Saying I have to use this exact phone or that specific laptop or the desktop in my home office, etc to use my accounts feels like the days where I had to carry a CD, DVD or paperback book around with me if I wanted to listen to music, watch TV, or read a novel.

 

[DotCom2]

Welp, I guess this is one way for Netflix to stop password sharing.

 

[genovelle]

Facebook, Twitter, Instagram , that’s 3. All passwords 15 digits long
All my bank details across various accounts of which I have 5 accounts- that’s 8. Banking passwords -30 digits long
Retail passwords where I shop online like Amazon etc - easily 10-15 there , that’s 23
Each password would take the most powerful supercomputer on Earth around 400 vigintillion years to brute force entry into any account, that number is 400 followed by 63 zeros.

But only a few moments to fool a non techy pawpaw into entering their new user name and 15 digit password into a spoofed site. No super computer required. Or a device with the wrong unvetted 3rd party app on it that is monitoring key strokes and transmitting you passwords.

 

[SpotOnT]

My bank makes me scan my Mac screen with my iPhone and their custom app every time I log in on the Mac. Then I have to verify w Touch ID.

It’s really a PITA.

I’d much prefer they just use a TOTP authenticator code.
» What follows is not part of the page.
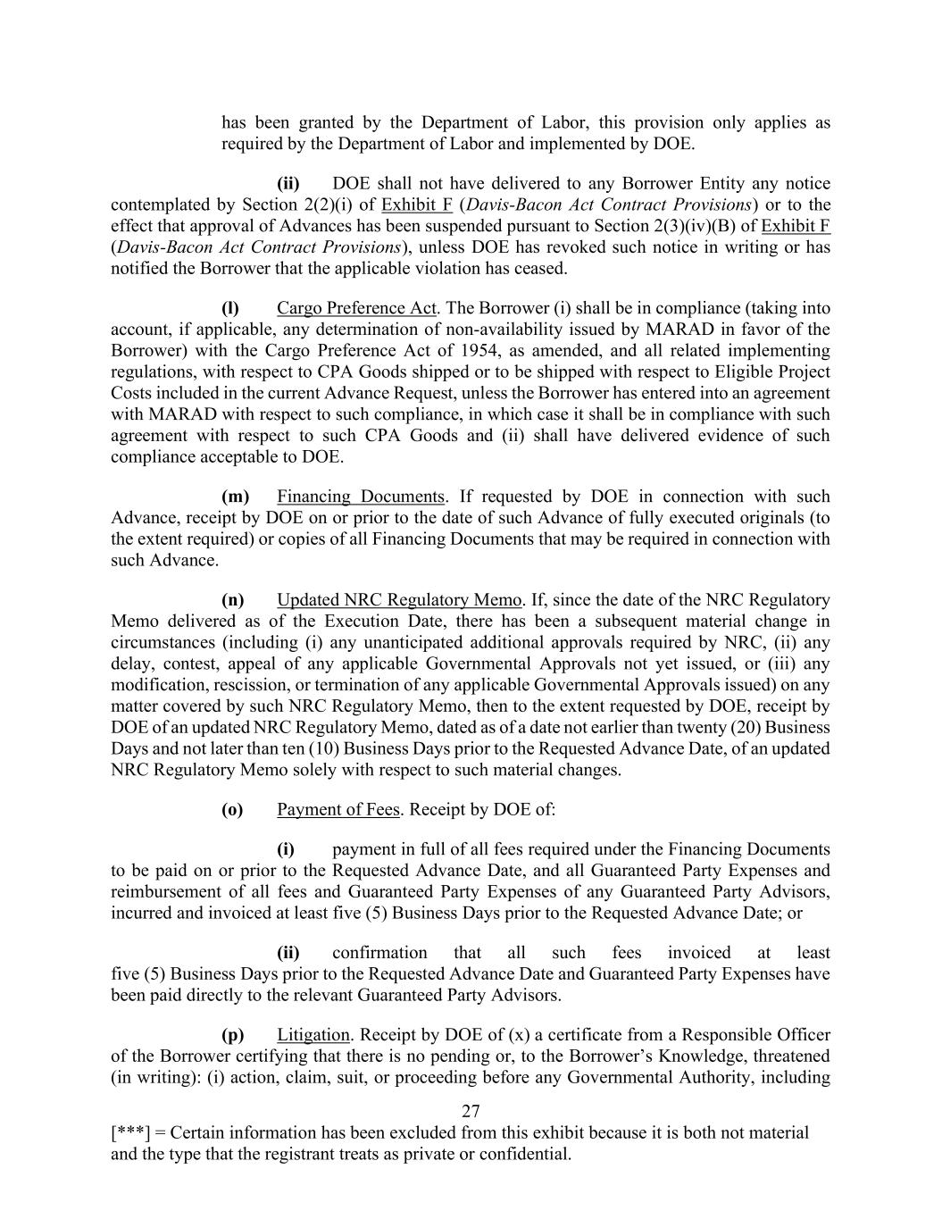 27 [***] = Certain information has been excluded from this exhibit because it is both not material and the type that the registrant treats as private or confidential. has been granted by the Department of Labor, this provision only applies as required by the Department of Labor and implemented by DOE. (ii) DOE shall not have delivered to any Borrower Entity any notice contemplated by Section 2(2)(i) of Exhibit F (Davis-Bacon Act Contract Provisions) or to the effect that approval of Advances has been suspended pursuant to Section 2(3)(iv)(B) of Exhibit F (Davis-Bacon Act Contract Provisions), unless DOE has revoked such notice in writing or has notified the Borrower that the applicable violation has ceased. (l) Cargo Preference Act. The Borrower (i) shall be in compliance (taking into account, if applicable, any determination of non-availability issued by MARAD in favor of the Borrower) with the Cargo Preference Act of 1954, as amended, and all related implementing regulations, with respect to CPA Goods shipped or to be shipped with respect to Eligible Project Costs included in the current Advance Request, unless the Borrower has entered into an agreement with MARAD with respect to such compliance, in which case it shall be in compliance with such agreement with respect to such CPA Goods and (ii) shall have delivered evidence of such compliance acceptable to DOE. (m) Financing Documents. If requested by DOE in connection with such Advance, receipt by DOE on or prior to the date of such Advance of fully executed originals (to the extent required) or copies of all Financing Documents that may be required in connection with such Advance. (n) Updated NRC Regulatory Memo. If, since the date of the NRC Regulatory Memo delivered as of the Execution Date, there has been a subsequent material change in circumstances (including (i) any unanticipated additional approvals required by NRC, (ii) any delay, contest, appeal of any applicable Governmental Approvals not yet issued, or (iii) any modification, rescission, or termination of any applicable Governmental Approvals issued) on any matter covered by such NRC Regulatory Memo, then to the extent requested by DOE, receipt by DOE of an updated NRC Regulatory Memo, dated as of a date not earlier than twenty (20) Business Days and not later than ten (10) Business Days prior to the Requested Advance Date, of an updated NRC Regulatory Memo solely with respect to such material changes. (o) Payment of Fees. Receipt by DOE of: (i) payment in full of all fees required under the Financing Documents to be paid on or prior to the Requested Advance Date, and all Guaranteed Party Expenses and reimbursement of all fees and Guaranteed Party Expenses of any Guaranteed Party Advisors, incurred and invoiced at least five (5) Business Days prior to the Requested Advance Date; or (ii) confirmation that all such fees invoiced at least five (5) Business Days prior to the Requested Advance Date and Guaranteed Party Expenses have been paid directly to the relevant Guaranteed Party Advisors. (p) Litigation. Receipt by DOE of (x) a certificate from a Responsible Officer of the Borrower certifying that there is no pending or, to the Borrower’s Knowledge, threatened (in writing): (i) action, claim, suit, or proceeding before any Governmental Authority, including

My bank starting doing something similar (although not quite that bad, scan and touch ID, geezzzz) and I closed my account and switched banks. I wanted to support my local credit union, but their digital requirements made their online banking impossible for me to use.

 

[Nicky G]

I just want to say: "My voice is my passport. Verify me."

Then I'll be living my early 90s dream! (Anyone catch the reference?)

 

[DD88]

But only a few moments to fool a non techy pawpaw into entering their new user name and 15 digit password into a spoofed site. No super computer required. Or a device with the wrong unvetted 3rd party app on it that is monitoring key strokes and transmitting you passwords.

Correct, but I wouldn’t do that lol

 

[Cromulent]

I just want to say: "My voice is my passport. Verify me."

Then I'll be living my early 90s dream! (Anyone catch the reference?)

You can already do that with HSBC for example (in the UK at least).

 

[icanhazapple]

Get WebAuthN working with 3rd party software (Chrome) and the Apple Watch and I'll buy in.

 

[Premium1]

Functionally, for you, no difference. You'd still do a TouchID or FaceID. What's happening today is that entry from you is pulling your password out of the Keychain and pasting it into the fields for you. That password would instead be replaced by, if you'll allow me to illustrate this as best I can, with a one-time use token - like the old RSA tags or soft token you may have on your/work phone to sign into a VPN, or access a restricted system at work. There's additional layers of security that appear to work like PGP with a private key you control and generate public keys from, but the general gist of it is your password is replaced by a tokenized entry.

Makes sense. Thanks for explaining it better than apple did in their press release!

 

[Morgenland]

Exactly. You can use a Yubikey, for instance, instead of an iPhone.

What makes a yubikey interesting for you in the future while you already carry a phone?

 

[Scotticus]

So I’ve no idea how these work. Sounds great if you are using your own device. But what happens if you left your phone at home, and want to log on to, e.g. internet banking on a friend’s PC. Will it just be impossible? Or you’re on holiday and lose your phone, are you locked out of everything until you get your phone replaced when back home?

This is something I'm also wondering about. Yes, it's nice to be able to just use FaceID or my fingerprint to log in to a website, but I don't want to completely lose access to everything if I lose my phone or it's stolen.